Subgingival instrumentation (SI) with probiotics may be a proposal for the treatment of periodontitis (P), for patients with type 2 diabetes mellitus (T2DM). The Lactobacillus reuteri probiotic as an adjunctive therapy in the treatment of P associated with T2DM was evaluated.

Materials and methods

Forty diabetic participants diagnosed with P (stage III and IV, grade B) were randomized into SI + Placebo (n = 20): subgingival instrumentation plus placebo lozenges and SI + Probi (n = 20): subgingival instrumentation plus probiotics. Probing depth (PD), gingival recession (GR), clinical attachment level (CAL), plaque index (PI), bleeding on probing (BoP), and PISA index were performed at baseline and 30, 90, and 180 days. Cytokine concentration in the gingival crevicular fluid, subgingival biofilm sample, and LDL and HDL subfractions were evaluated.

Results

In the deep pockets, PD in SI + Probi showed increased values (p = 0.02) compared to SI + Placebo at 90 days. For CAL, SI + Probi showed increased values compared to SI + Placebo, with a significant difference at 30 days (p = 0.03), 90 days (p = 0.02), and 180 days (p = 0.04). At #PD ≥ 7 mm, SI + Probi had a more frequent number of sites (p = 0.03) compared to SI + Placebo only at baseline. For the PISA, SI + Probi showed a significant difference (p = 0.04) compared to SI + Placebo at 90 days. For cytokines, SI + Probi showed higher quantification than SI + Placebo for IL-10 (p < 0.001) at 90 days, IL-12 (p = 0.010) at 90 days, IL-1β (p = 0.035) at 90 days, and IL-8 (p = 0.003) at baseline. SI + Placebo showed higher quantification of IL-1β (p = 0.041) compared to SI + Probi only at 30 days. There was a reduction in all microbial complexes.

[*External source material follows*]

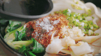 拌好的油泼面,水晶晶,油汪汪,入口香辣入味,面皮筋道,一碗油泼面把面食应有的香气发挥到了极致!好想在油汪汪的油泼面上滑滑梯哦!
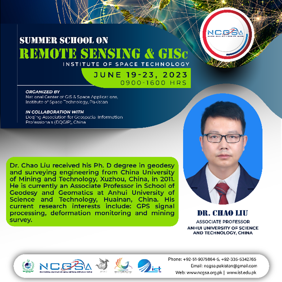 2023年6月19-23日,由巴基斯坦空间技术学院国家地理信息系统与空间技术应用中心(The National Center of GIS and Space Applications(NCGSA), Institute of Space Technology(IST), Islamabad, Pakistan)与中国科协“一带一路”地理信息国际培训中心(德清地理信息小镇科技工作者学会)联合主办的巴基斯坦“遥感与地理信息暑期学校”在巴基斯坦伊斯兰堡圆满举行,来自巴基斯坦各地与遥感地理信息相关的高校、企业和政府部门共100余位专业人士参加了本期暑期学校,这是巴基斯坦与中国在遥感与地理信息领域的首次较大规模的培训教育合作项目。

SI + Probi improved LDL size (246.7 nm vs 260.4 nm; p < 0.001), while large HDL subfractions were reduced aft 180 days of treatment (24.0% vs 20.3%; p = 0.022) when compared with SI + Placebo; this response was dependent of probiotics (1.0 mg/dL vs − 6.2 mg/dL; p = 0.002).

Conclusion

Subgingival instrumentation improved the clinical periodontal parameters in patients with T2DM. The use of L. reuteri probiotics had no additional effects compared with the placebo; however, there was a positive effect on the lipoprotein subfraction.

Clinical relevance

Scientific rationale for study: subgingival instrumentation with probiotics may be a proposal for the treatment of periodontitis (P), especially for patients with type 2 diabetes mellitus (T2DM). Principal findings: the use of L. reuteri probiotics had no additional effects compared with the placebo; however, there was a positive effect on the lipoprotein subfraction. 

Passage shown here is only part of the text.